All the data breaches on the site have been verified by the site owner, Troy Hunt. He doesn’t pay for data, but people (both trusted and untrusted) do send it to him. He often works with the organisations involved, but not always.

Troy has thought about these issues a lot. Have I been pwned allows you to check if your personal data has been compromised in data breaches. For most breaches, you can type in your email address and the site will confirm whether your personal data is included in the breach. He didn’t do that for the Ashley Madison breach, as this system allows you to determine if anyone’s data is in the breach. For Ashley Madison (and similar breaches, such as Adult Friend Finder), he invoked the concept of ‘sensitive’ data.

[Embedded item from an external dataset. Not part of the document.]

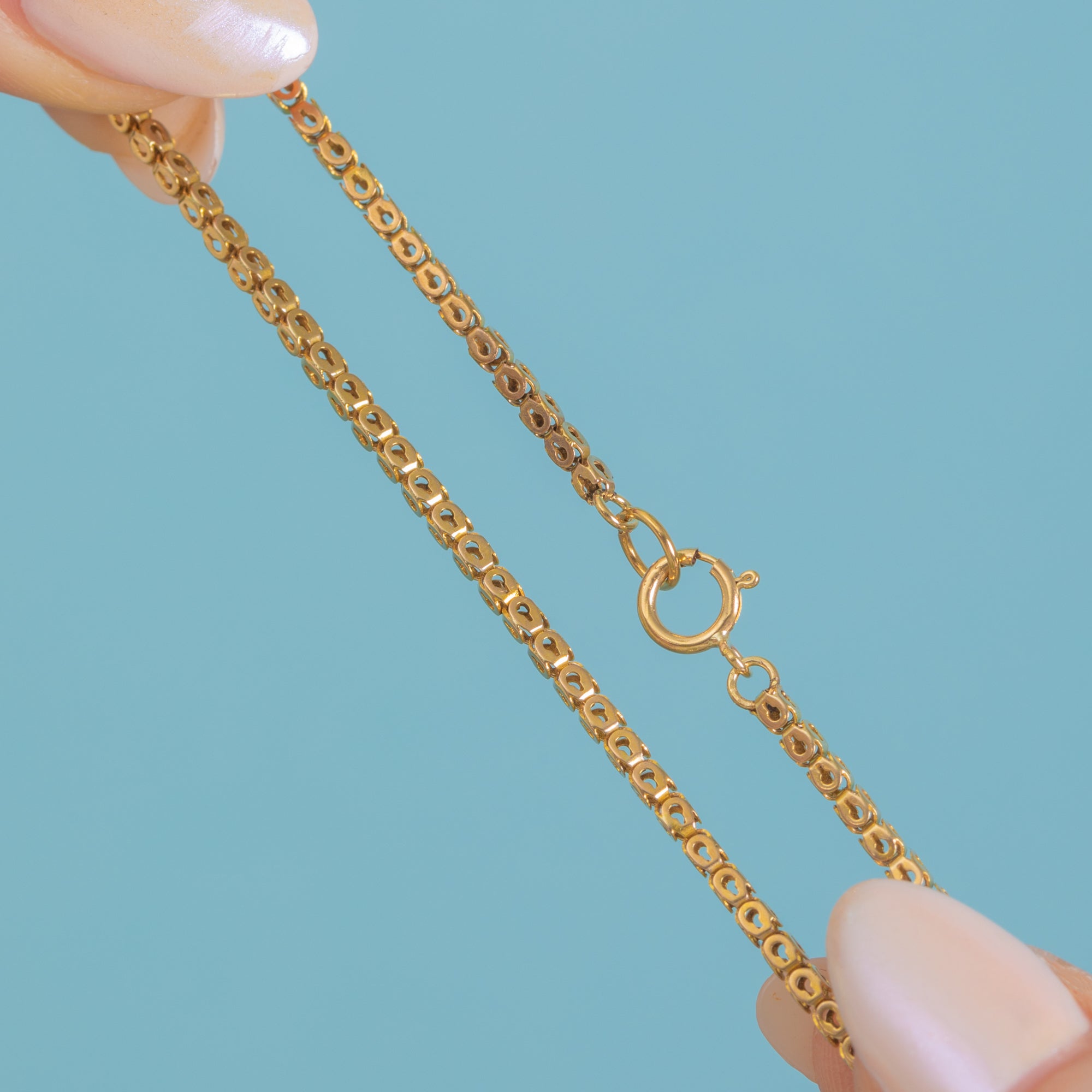 At 16.5 inches long, this Victorian Gold chain will rest elegantly across your collarbones, bringing texture and luxury to your attire. We don't often come across antique pierced box chains in such wonderful condition, so don't hesitate to make this coveted piece of Victorian jewellery yours!

Privacy legislation in many jurisdictions recognises that some data is more sensitive than other data, and therefore the law requires you to be more careful with that data. In Australia (where I am from), the legal definition of sensitive data includes racial or ethnic origin; political opinions; membership of a political association; religious beliefs or affiliations; philosophical beliefs; membership of a professional or trade association; membership of a trade union; sexual preferences or practices; or criminal record. Australia also has special rules for financial data and for health data. Other jurisdictions vary on what is considered sensitive.

Troy is a security consultant. He doesn’t work at a university. You can see this when he says:

“I’ve been asked a few times now what the process for flagging a breach as sensitive is and the answer is simply this: I make a personal judgement call.” – The Ethics of Running a Data Breach Search Service.

He doesn’t need to go through an Institutional Review Board or a Human Research Ethics Committee. We do. We work within a structure that provides rules and guidelines. I think that this gives us two different issues to talk about:

How do we run the system:
What is the role of ethics committees and institutional review boards in an age of breached data? Do we need to tighten up the framework?
How do we police ourselves:
As a researcher, what attitude should you take to using breach data?

Here are some questions that might help to shape your thinking around this:

Would you pay for access to breach data for research purposes?
Would you use breach data for research if it was provided to you anonymously (ie not yet public)?
Would you use breach data for research if it was provided to you by the hackers (ie not yet public, and from an illegal source)?
Would you use breach data for research if it was provided to you by the organisation that was breached (ie not yet public, and from the data owner)?
Would you use breach data for research if it was provided to you by a trusted third party (ie not yet public, and from another researcher, for example)?
Would you collect the data yourself, for research purposes, if you found that it was ‘leaking’ (eg publicly accessible, but only in a manner that the site owner did not anticipate, such as URI-manipulation).
Would you only use breach data that had already been released to the public by someone else (ie anonymous or known source, no payment involved).
Would you link multiple sets of breached data for research purposes?

There is a heap of breach data out there. If you wanted to, you could build a research niche just using this data alone. I wouldn’t, though.